Last week’s letter from the Operations Management Group to Timothy Geithner, President of the Federal Reserve Bank of New York, was both thought provoking and inspiring – so how did it manage to slip under the radar of almost all of the mainstream financial
Not only was it pleasing to see that the resounding goal of the Group was to create a derivatives market that matches its trades on trade date but also the ambitious nature with which they propose to tackle the issue – by July of this year, for electronically
eligible confirmable trade events, 90% of the major dealers and buy-side institutions in the Operations Management Group will have T+1 submission and 90% will be submitted accurately and matched without amendment.
The confirmation and affirmation of trades on the day a trade has taken place, irrespective of what asset class is being examined, is a massively important issue for the financial industry to address and something that I would wholeheartedly support.
While derivatives are seen as a higher risk for confirmations and the OTC space lacks requirements around the full value at risk proposition, the SocGen debacle has highlighted that risk management controls and the effectiveness of risk management initiatives
across all areas of the trading cycle need to be addressed. If same day affirmation is on the radar of the major brokers and buy-side players for the OTC space why is this not true of other areas?

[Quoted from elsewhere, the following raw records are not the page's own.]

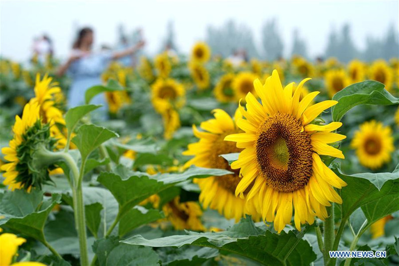 Turistas contemplan los girasoles en una platación de Shahe, provincia de Hebei, 7 de agosto del 2019. [Foto: Xinhua/Yue Wenting]
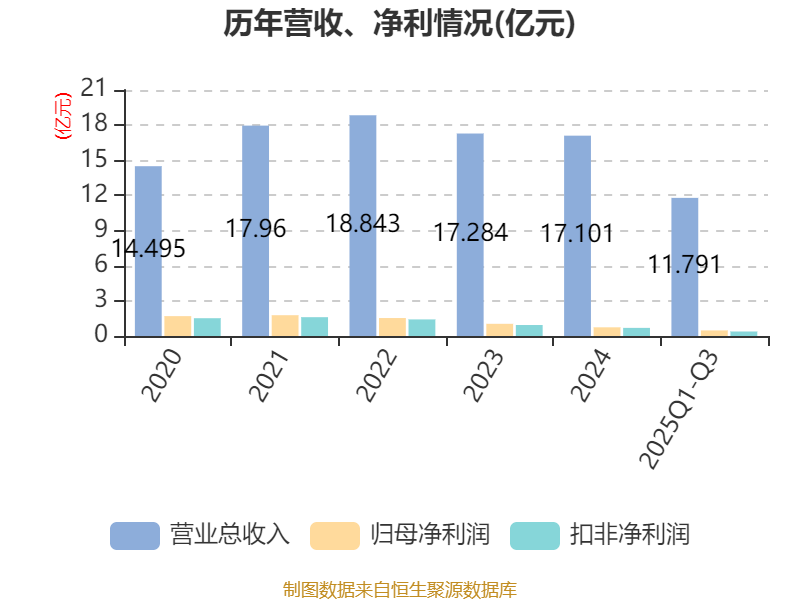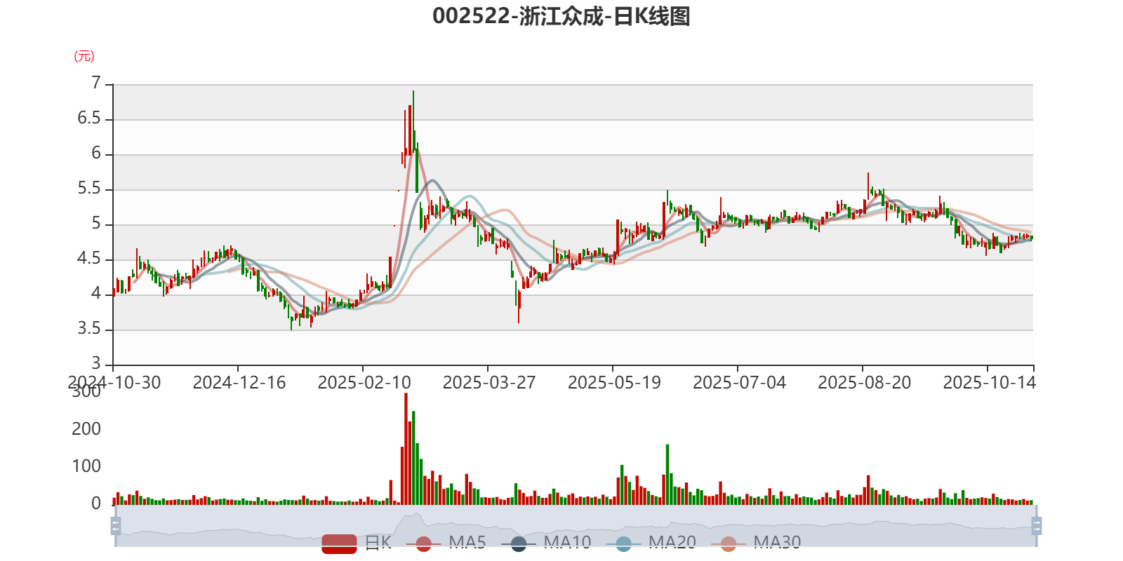 中证智能财讯浙江众成(002522)10月30日披露2025年第三季度报告。前三季度公司实现营业总收入11.79亿元,同比下降5.43%;归母净利润4769.21万元,同比增长6.96%;扣非净利润3834.01万元,同比下降0.76%;经营活动产生的现金流量净额为6879.25万元,同比下降56.46%;报告期内,浙江众成基本每股收益为0.05元,加权平均净资产收益率为2.08%。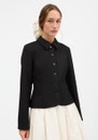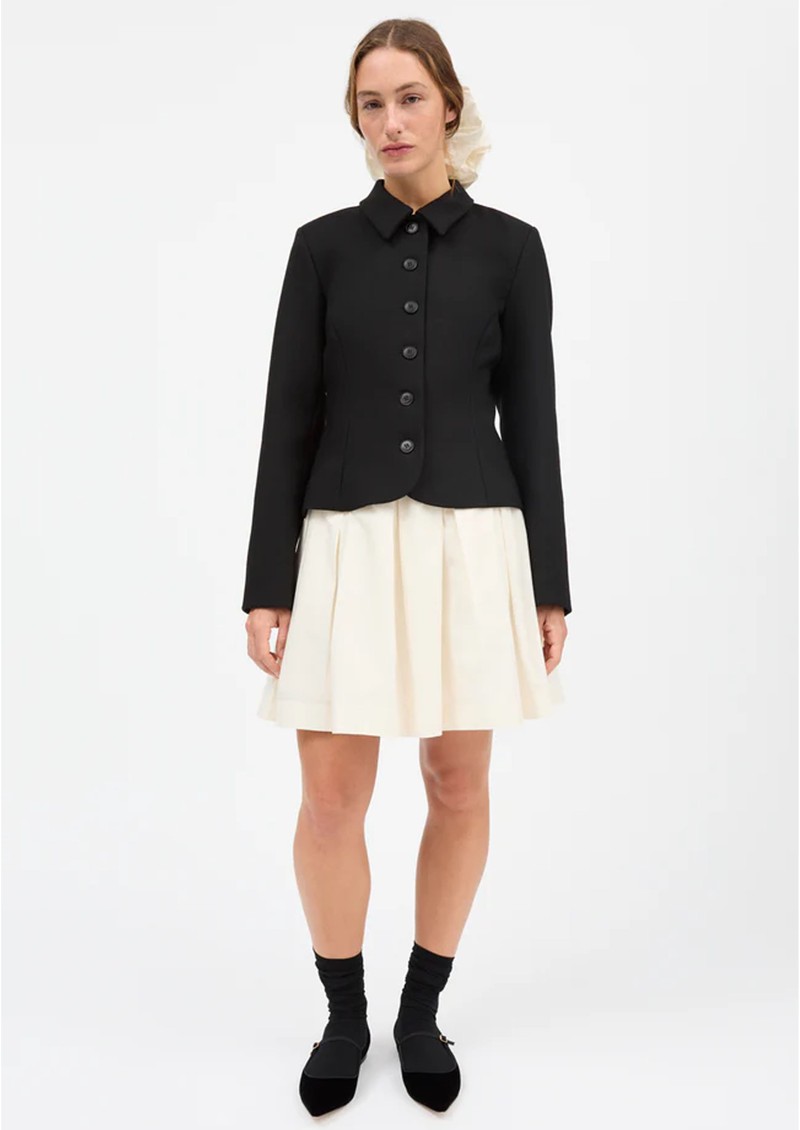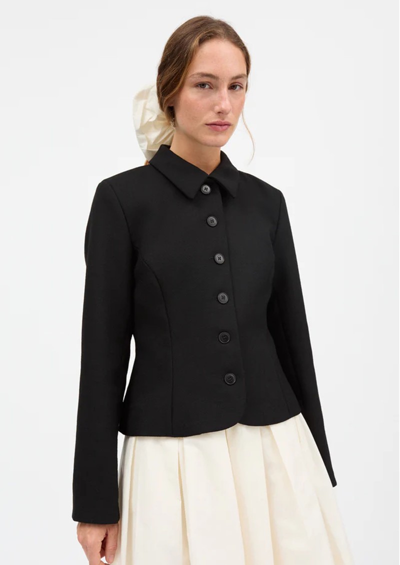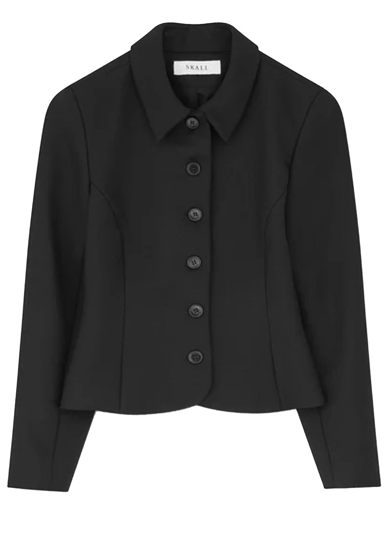 The Skall Ari Jacket is a fitted, tailored piece with a classic shirt-style collar, long sleeves, and six-button closure, offering a sleek and polished silhouette. Crafted from 100% wool, it combines timeless elegance with cosy, wearable sophistication.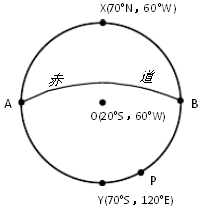 4、单选题 图中圆圈AXBPYA为地球大圆(圆半径等于地球半径),弧AB为赤道,括号中的数据为X、O、Y三地的地理坐标。完成题。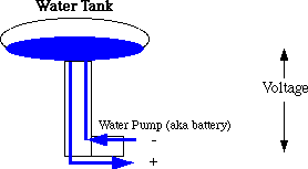 Voltage (V) is the same thing as water pressure: a higher voltage pushes the charges through the wire with greater force. Think of a water tower, with water stored in a tank at the top. The higher the tower, the stronger the water pressure at the bottom of the tower.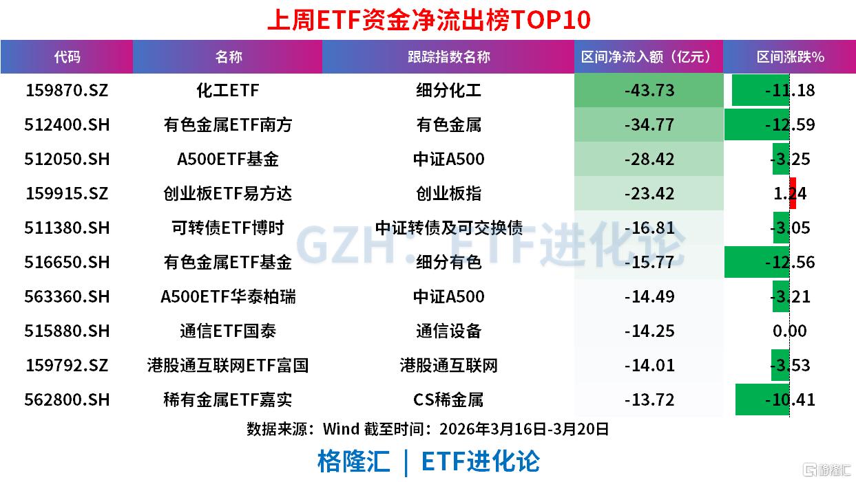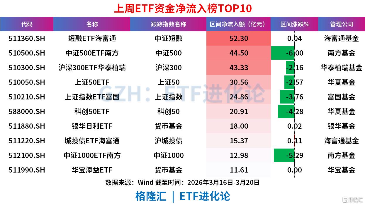 上周(3月16日-3月20日)ETF资金净流入呈现“固收+大盘宽基”的防御性配置特征: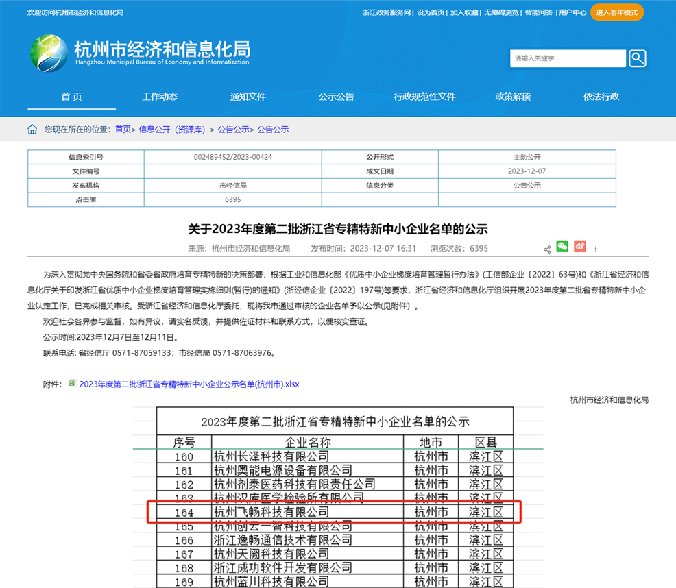 近日,浙江省公布了2023年度專精特新中小企業(yè)名單,飛暢科技憑借其在科技創(chuàng)新領(lǐng)域的卓越表現(xiàn)榮獲此殊榮。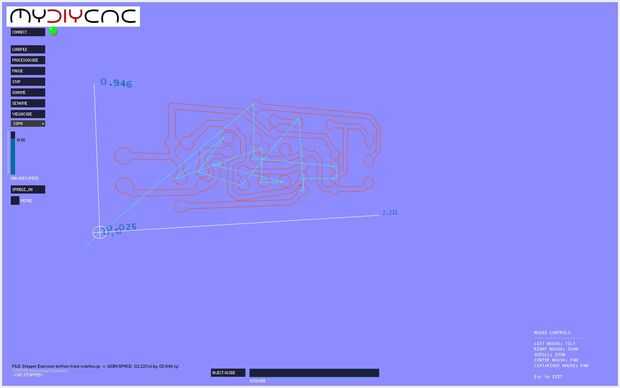 Ahora su casi allí! Establecer la cabeza de la máquina a su posición inicial con las flechas del teclado, una vez más donde es totalmente hasta usted y qué usted desea. Debe usar la pantalla de la modelo en 3D del proyecto en FabCAM (o la aplicación de CNC) para ayudarle a colocar su posición.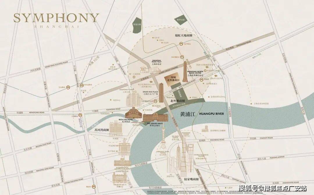 尊踞上海北外滩之心,与陆家嘴天际线从容对望。项目直线余米(来源百度地图),坐揽北外滩中央公园生态绿肺(规划)及百年外滩人文画卷,是外滩新百年时代无可争议的封面作品。
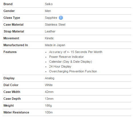 주요 스펙은 사파이어 글라스, 케이스 42mm(용두포함), 두깨 13mm, 10기압(100m)방수, 키네틱 드라이브, 문페이즈, 일계/요일계(데이데이트), 24시간계, 파워리저브입니다.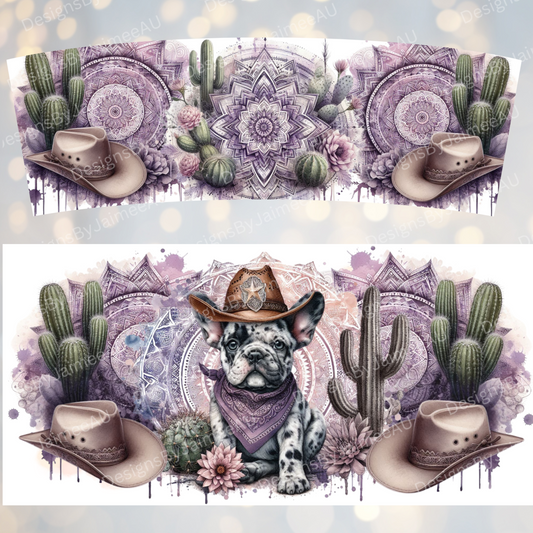 Purple Country/Western Themed Frenchie 40oz Digital Sublimation Tumbler Wrap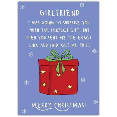 "Girlfriend – I was going to surprise you with the perfect gift, but then you sent me the exact link and said ‘Get me this’. Merry Christmas!"

The OTC and equities markets are two sides of the same coin so it doesn’t make sense to apply principles to one side and not to the other – surely there needs to be a similar shake-up in the equities markets around same day affirmation. It may be the case
that confirmation and affirmation rates are higher in the equity markets but there is still a long way to go, and while the derivative markets do seem to be flavour of the month there is still a lot of work to be done in the traditional asset classes.